Reliable Federated Learning for Mobile Networks
Professor Dusit Niyato
School of Computer Science and Engineering (SCSE) and
School of Physical and Mathematical Sciences (SPMS)
Nanyang Technological University, Singapore
Federated learning, as a promising machine learning approach, has emerged to leverage a distributed personalized dataset from a number of nodes, e.g., mobile devices, to improve performance while simultaneously providing privacy preservation for mobile users. In the federated learning, training data is widely distributed and maintained on the mobile devices as workers. A central aggregator updates a global model by collecting local updates from mobile devices using their local training data to train the global model in each iteration. However, unreliable data may be uploaded by the mobile devices (i.e., workers), leading to frauds in tasks of federated learning. The workers may perform unreliable updates intentionally, e.g., the data poisoning attack, or unintentionally, e.g., low-quality data caused by energy constraints or high-speed mobility. Therefore, finding out trusted and reliable workers in federated learning tasks becomes critical. In this talk, the concept of reputation is introduced as a metric. Based on this metric, a reliable worker selection scheme is proposed for federated learning tasks. Consortium blockchain is leveraged as a decentralized approach for achieving efficient reputation management of the workers without repudiation and tampering. The proposed approach is demonstrated to improve the reliability of federated learning tasks in mobile networks.

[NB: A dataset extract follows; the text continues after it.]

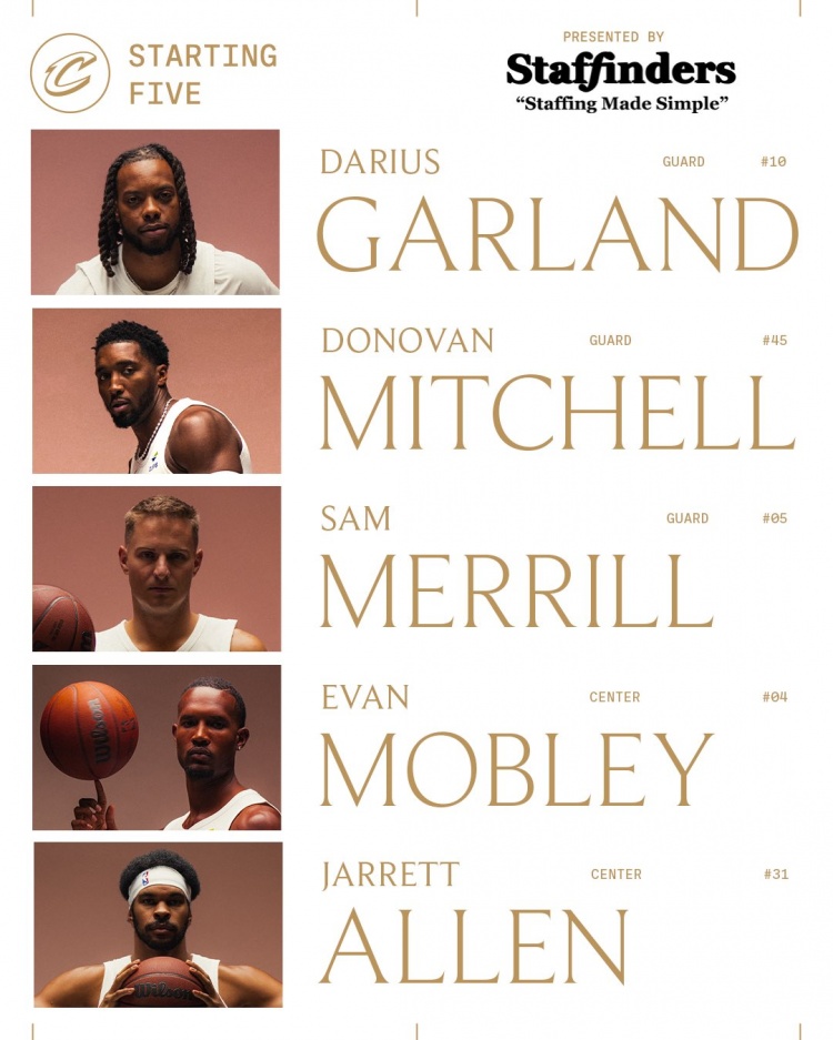 骑士首发:加兰、米切尔、梅里尔、莫布里以及贾勒特·阿伦。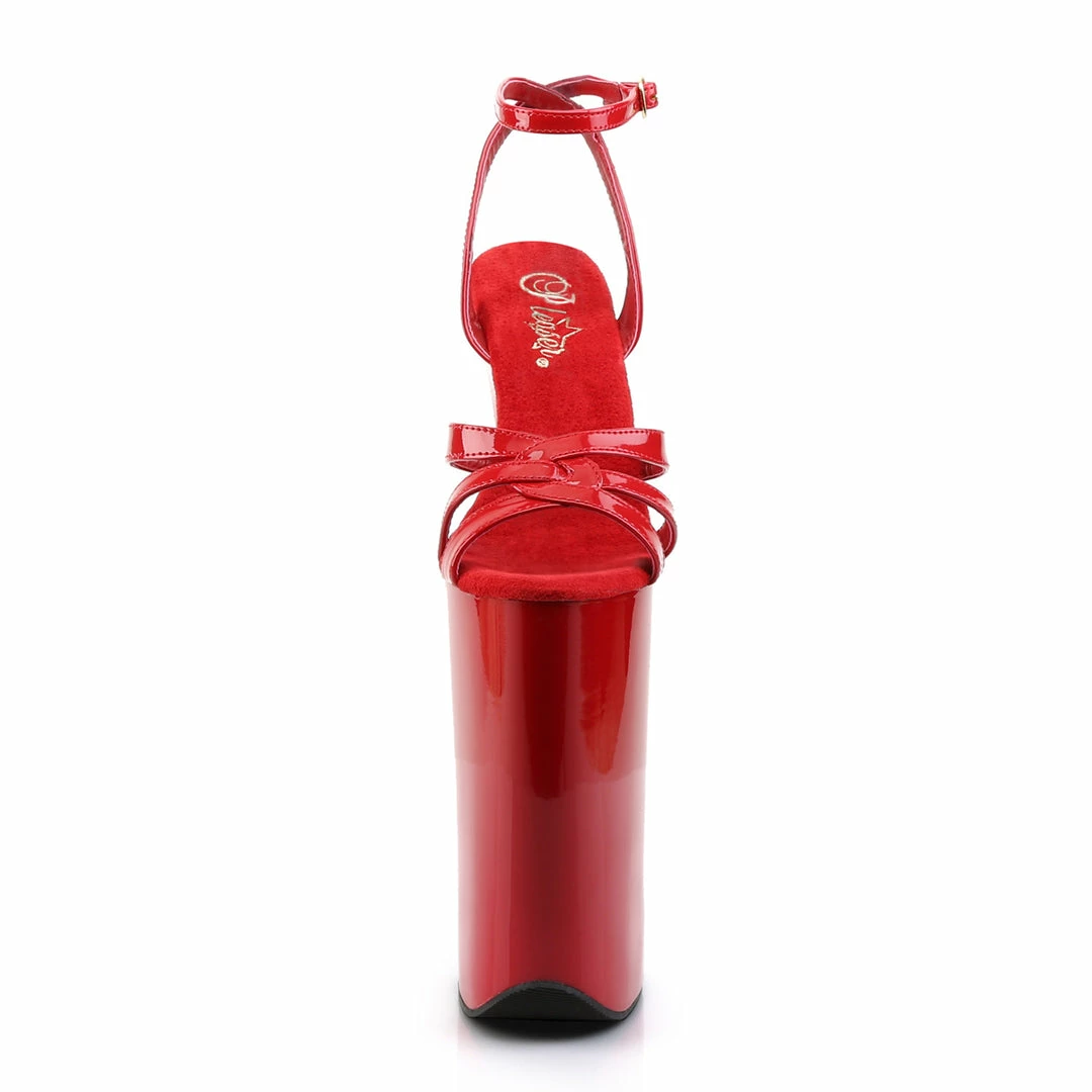 10″ (25.4cm) Heel, 6 1/4″ (15.9cm) Platform Wrap Around Ankle Strap Sandal Warning: Extreme High Heels. Not Recommended for Walking or Dancing.

Dusit Niyato is currently a professor in the School of Computer Science and Engineering and, by courtesy, School of Physical & Mathematical Sciences, at the Nanyang Technological University, Singapore. He received B.E. from King Mongkuk’s Institute of Technology Ladkrabang (KMITL), Thailand in 1999 and Ph.D. in Electrical and Computer Engineering from the University of Manitoba, Canada in 2008. He has published more than 380 technical papers in the area of wireless and mobile networking, and is an inventor of four US and German patents. He has authored four books including "Game Theory in Wireless and Communication Networks: Theory, Models, and Applications" with Cambridge University Press. He won the Best Young Researcher Award of IEEE Communications Society (ComSoc) Asia Pacific (AP) and The 2011 IEEE Communications Society Fred W. Ellersick Prize Paper Award. Currently, he is serving as a senior editor of IEEE Wireless Communications Letter, an area editor of IEEE Transactions on Wireless Communications (Radio Management and Multiple Access), an area editor of IEEE Communications Surveys and Tutorials (Network and Service Management and Green Communication), an editor of IEEE Transactions on Communications, an associate editor of IEEE Transactions on Mobile Computing, IEEE Transactions on Vehicular Technology, and IEEE Transactions on Cognitive Communications and Networking. He was a guest editor of IEEE Journal on Selected Areas on Communications. He was a Distinguished Lecturer of the IEEE Communications Society for 2016-2017. He was named the 2017-2019 highly cited researcher in computer science. He is a Fellow of IEEE.